→ **ABOUT THIS EXERCISE**: The line containing "The map of Canada" marks the start; repeat it and every following line exactly through the end of the entries.

→ **SOURCE RECORDS**:

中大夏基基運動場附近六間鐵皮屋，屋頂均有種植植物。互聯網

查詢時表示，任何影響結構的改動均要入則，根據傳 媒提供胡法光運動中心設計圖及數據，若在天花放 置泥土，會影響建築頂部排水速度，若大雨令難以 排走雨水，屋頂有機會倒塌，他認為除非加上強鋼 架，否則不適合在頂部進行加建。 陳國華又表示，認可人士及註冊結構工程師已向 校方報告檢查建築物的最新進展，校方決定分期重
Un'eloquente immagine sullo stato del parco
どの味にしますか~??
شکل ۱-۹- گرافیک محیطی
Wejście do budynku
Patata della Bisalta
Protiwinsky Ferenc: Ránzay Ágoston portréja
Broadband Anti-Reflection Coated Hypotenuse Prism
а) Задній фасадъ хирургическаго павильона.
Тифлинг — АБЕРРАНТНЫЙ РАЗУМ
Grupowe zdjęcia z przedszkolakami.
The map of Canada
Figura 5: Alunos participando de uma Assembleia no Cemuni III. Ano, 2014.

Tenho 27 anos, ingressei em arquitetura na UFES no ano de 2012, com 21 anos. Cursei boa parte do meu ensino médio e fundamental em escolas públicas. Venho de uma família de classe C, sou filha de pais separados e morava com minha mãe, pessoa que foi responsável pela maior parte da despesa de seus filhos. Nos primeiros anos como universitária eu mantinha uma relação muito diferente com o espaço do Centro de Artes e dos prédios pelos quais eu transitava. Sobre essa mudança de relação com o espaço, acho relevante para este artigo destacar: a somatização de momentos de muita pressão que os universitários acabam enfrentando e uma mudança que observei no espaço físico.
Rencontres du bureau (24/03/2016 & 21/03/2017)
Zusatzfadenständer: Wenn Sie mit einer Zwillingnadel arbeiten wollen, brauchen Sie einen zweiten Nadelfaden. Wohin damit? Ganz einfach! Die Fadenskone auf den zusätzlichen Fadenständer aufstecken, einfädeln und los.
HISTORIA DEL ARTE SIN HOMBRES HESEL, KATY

→ **TASK ANSWER**:
The map of Canada
Figura 5: Alunos participando de uma Assembleia no Cemuni III. Ano, 2014.

Tenho 27 anos, ingressei em arquitetura na UFES no ano de 2012, com 21 anos. Cursei boa parte do meu ensino médio e fundamental em escolas públicas. Venho de uma família de classe C, sou filha de pais separados e morava com minha mãe, pessoa que foi responsável pela maior parte da despesa de seus filhos. Nos primeiros anos como universitária eu mantinha uma relação muito diferente com o espaço do Centro de Artes e dos prédios pelos quais eu transitava. Sobre essa mudança de relação com o espaço, acho relevante para este artigo destacar: a somatização de momentos de muita pressão que os universitários acabam enfrentando e uma mudança que observei no espaço físico.
Rencontres du bureau (24/03/2016 & 21/03/2017)
Zusatzfadenständer: Wenn Sie mit einer Zwillingnadel arbeiten wollen, brauchen Sie einen zweiten Nadelfaden. Wohin damit? Ganz einfach! Die Fadenskone auf den zusätzlichen Fadenständer aufstecken, einfädeln und los.
HISTORIA DEL ARTE SIN HOMBRES HESEL, KATY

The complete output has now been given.